> **EXERCISE DIRECTIONS**: Apart from the pictures, every line below needs to be reproduced verbatim.

> **COLLECTED MATERIAL**:
%%
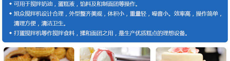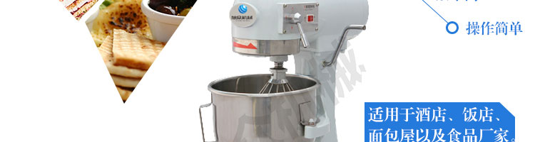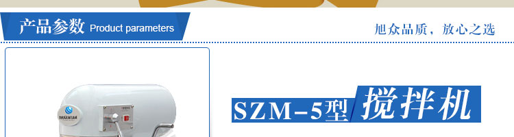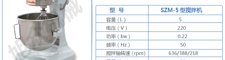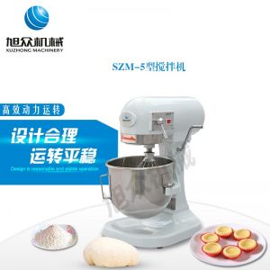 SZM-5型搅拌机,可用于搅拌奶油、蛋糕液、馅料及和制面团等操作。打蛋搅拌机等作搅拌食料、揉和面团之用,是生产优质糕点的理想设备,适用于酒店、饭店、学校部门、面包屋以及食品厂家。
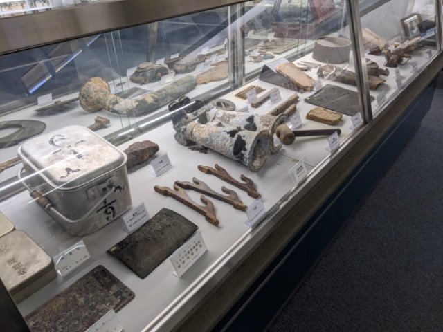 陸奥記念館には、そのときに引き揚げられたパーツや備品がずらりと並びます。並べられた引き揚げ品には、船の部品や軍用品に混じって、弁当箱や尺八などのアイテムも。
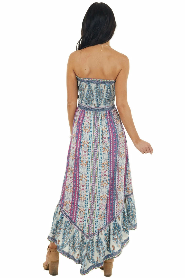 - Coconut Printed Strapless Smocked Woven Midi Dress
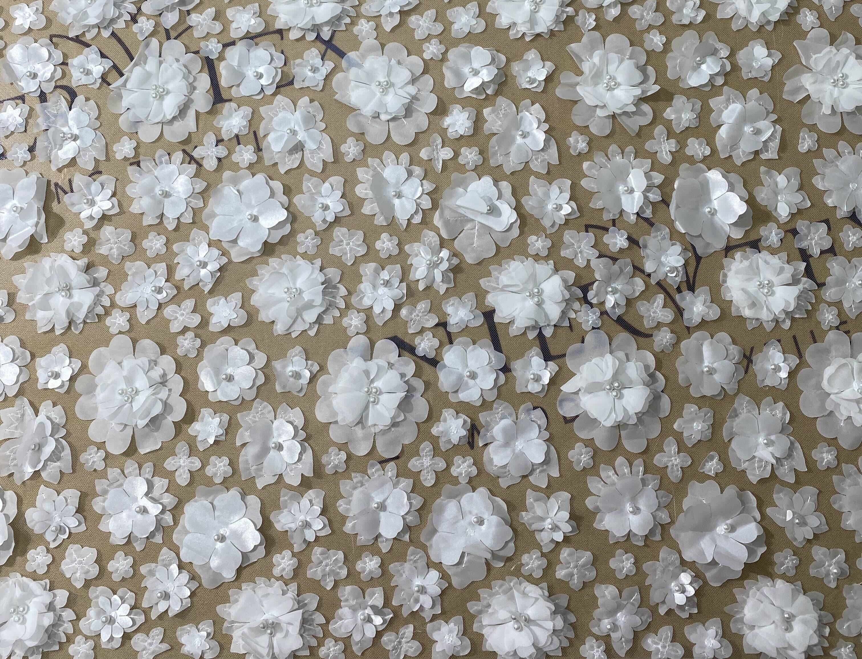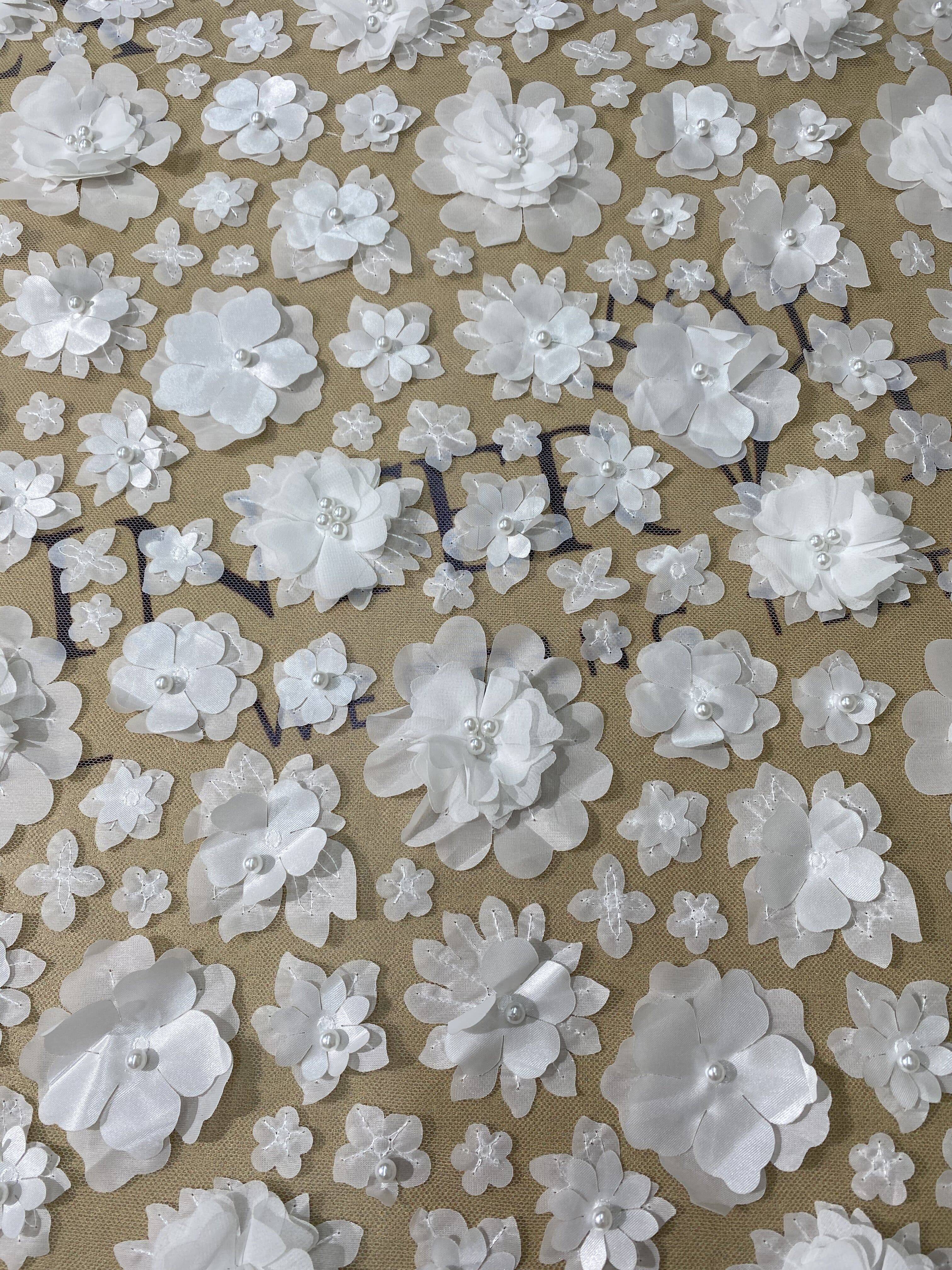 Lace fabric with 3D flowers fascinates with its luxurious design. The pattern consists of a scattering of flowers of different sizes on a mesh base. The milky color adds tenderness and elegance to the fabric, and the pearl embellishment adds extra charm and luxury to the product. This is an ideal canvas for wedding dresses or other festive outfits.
%%
> **EXERCISE OUTPUT**:
 SZM-5型搅拌机,可用于搅拌奶油、蛋糕液、馅料及和制面团等操作。打蛋搅拌机等作搅拌食料、揉和面团之用,是生产优质糕点的理想设备,适用于酒店、饭店、学校部门、面包屋以及食品厂家。
 陸奥記念館には、そのときに引き揚げられたパーツや備品がずらりと並びます。並べられた引き揚げ品には、船の部品や軍用品に混じって、弁当箱や尺八などのアイテムも。
 - Coconut Printed Strapless Smocked Woven Midi Dress
 Lace fabric with 3D flowers fascinates with its luxurious design. The pattern consists of a scattering of flowers of different sizes on a mesh base. The milky color adds tenderness and elegance to the fabric, and the pearl embellishment adds extra charm and luxury to the product. This is an ideal canvas for wedding dresses or other festive outfits.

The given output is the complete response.